The new year has brought new hope for a child suffering from a rare genetic condition.

Six-year-old Lily Brooker from Kemsley is about to undergo specialist treatment which could help extend her young life.

She suffers from Sanfilippo syndrome, a genetic disorder which has complex detrimental effects on a child’s health and development.

Two years ago, her devastated parents were told the condition was terminal and Lily was unlikely to live long enough to see her teenage years.

Their only hope was to raise enough money to send their daughter for clinical trials at Manchester Children’s Hospital.

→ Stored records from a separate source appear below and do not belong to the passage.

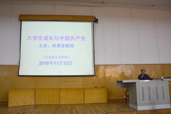 开班典礼后,马克思主义学院何景春老师以“大学生成长与中国共产党”为题,给第58期入党积极分子培训班全体学员做了第一场专题讲座,讲座案例详实,生动幽默,赢得了学员们的阵阵掌声。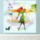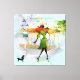 Garota parisiense andando com o cachorro na rua da cidade. Plano de fundo de abertura da arte em água e cor azul alterável - (para alterar a cor de fundo, basta usar o botão Personalizar este e o botão de edição - isso mostrará uma opção de plano de fundo onde você poderá alterar o plano de fundo azul para qualquer cor que corresponda ao seu decor. As placas de aquarela também são removíveis se você quiser.
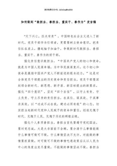 / 【七哥公文】2024年:如何做到“敢担当、善担当、重实干、善作为”发言稿+更多免费公文+VX:QiGeGongWen2024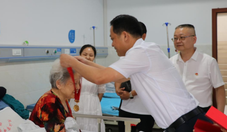青丝变白发,不变的是爱党敬党的初心,坚守的是忠党信党的赤诚,佩戴上纪念章,老党员们激动万分、满怀自豪。老党员代表夏纯利表示今天是近30年来最高兴的一天、最激动的一天,获得奖章感到无比自豪,这是一份沉甸甸的荣光,更是一份宝贵的精神财富…… 党员文佑先同志因身体原因无法参加本次颁奖活动,院党委书记带领班子将纪念章和鲜花送到病房中,并对其表示慰问。

It provides a treatment called Genistein which is found to have a 37% success rate in slowing the deterioration in a child’s brain.

A total of £600,000 was needed to send Lily and 20 other youngsters aged between four
and 12 for trials – the target was reached last month.

Her mum, Michelle Brooker, 36, who lives with Lily, her husband Scott, 37, and their other daughter Paige,11, in Donemowe Drive, said: “We’ve gone from being told, ‘there’s nothing we can do for your daughter’, to two years down the line being given a little glimmer of hope.

“We can’t foresee the future, we just hope the treatment does what it says and Lily gets a better quality of life for a bit longer.”

The Brookers’ fundraising efforts included an 80s disco which was held at the Coniston Hotel in Sittingbourne last year, and donations from the British 10k run.

They pooled financial resources with six other families with someone suffering from Sanfilippo syndrome to reach their £600,000 target, a goal which was reached with extra backing from The Society for Mucopolysaccharide Diseases (the MPS Society) which supports those affected by life-limiting genetic conditions.

Recruiting for the trials, which will run for two years, is due to take place in Manchester later this month.

Lily, who attends Meadowfield School in Sittingbourne, is one of 150 sufferers of Sanfilippo syndrome in the UK.

It means she has hearing problems and is unable to speak, leaving her totally unaware of her condition.

According to her mum, Michelle, Lily “has her good days and bad days”, but thanks to the generosity of others, the whole family now has a dream to cling to.

“Six hundred thousand pounds is a lot of money to raise because it’s not a very highly publicised charity and the illness is so rare,” Michelle said.

“We were overwhelmed by the support we’ve had from family and strangers.

“No words can express how grateful we are to those who donated.”